Lastly, the Rule and FCLCA also impose recordkeeping requirements on prescribers' offices. First, they must maintain signed confirmations, or signed consent to electronic prescription delivery and proof that such prescriptions were delivered via email, text, or patient portal, for a period of three years. For purposes of PRA analysis, the Commission has used the assumption that all prescriber offices require a full minute to store and maintain each confirmation record, and a full minute to store and maintain each consent to electronic prescription delivery and proof of electronic prescription delivery.[35] The Commission thus allots an additional 750,000 annual hours for prescribers' offices to store and maintain records of patient confirmations and consents. The Commission believes these labor hours are most likely performed by prescribers' office staff.

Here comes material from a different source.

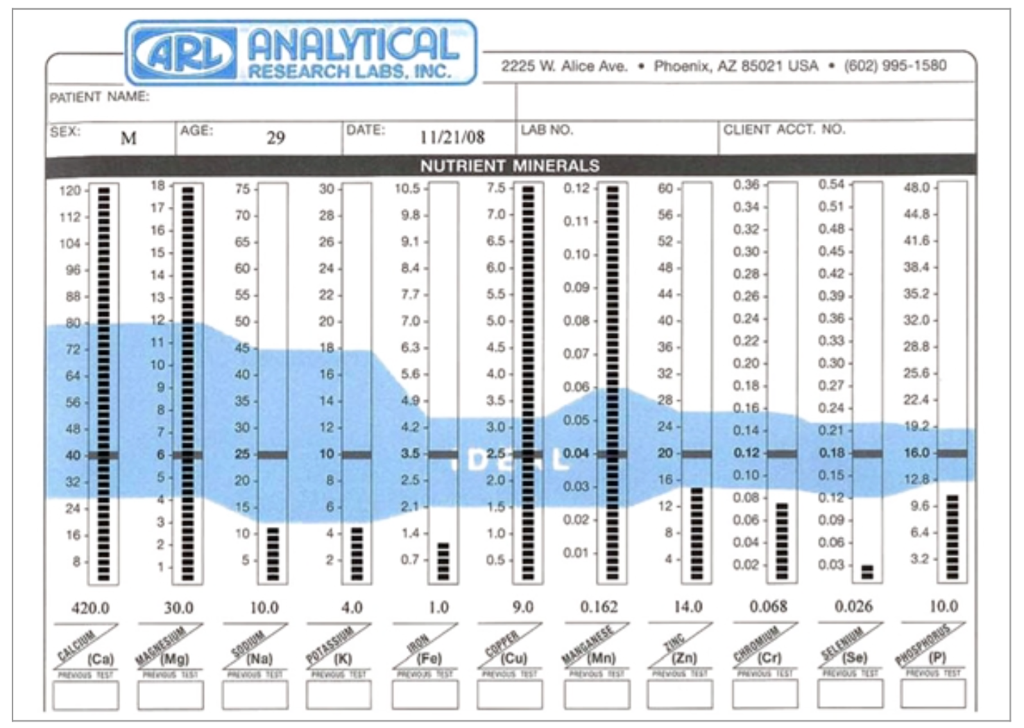 Test results are printed on an easy-to-read graph, unlike many of the other laboratories. This is a great benefit for both practitioners and their clients as well. The printed graph includes the mineral results, major mineral ratios and the oxidation type.

The Rule also requires prescribers to document the specific medical reasons for setting a contact lens prescription expiration date shorter than the one-year minimum established by the FCLCA. This burden is likely to be nil because the requirement applies only in cases when the prescriber invokes the medical judgment exception, which is expected to occur infrequently, and prescribers are likely to record this information in the ordinary course of business as part of their patients' medical records. As mentioned previously, the OMB regulation that implements the PRA defines “burden” to exclude any effort that would be expended regardless of a regulatory requirement.
Combining all hours spent annually disclosing prescriptions to consumers, obtaining confirmations of prescription release from consumers, obtaining affirmative consent to electronic prescription delivery from consumers, responding to verification requests, and maintaining records as required by the Rule, we estimate a total of 2,045,650 hours for all contact lens prescribers to comply with the Rule [750,000 prescription-release hours + 187,500 confirmation-collection hours + 62,500 electronic-delivery-consent-collection hours + 295,650 verification-response hours + 750,000 recordkeeping hours = 2,045,650 hours]. Of this total, we estimate 1,045,650 are prescriber labor hours, and 1,000,000 are labor hours performed by prescribers' clerical office staff.
2. Sellers
As noted above, a seller may sell contact lenses only in accordance with a valid prescription that the seller has (a) received from the patient or prescriber, or (b) verified through direct communication with the prescriber. The FCLCA also requires sellers to retain prescriptions and records of communications with prescribers relating to prescription verification for three years.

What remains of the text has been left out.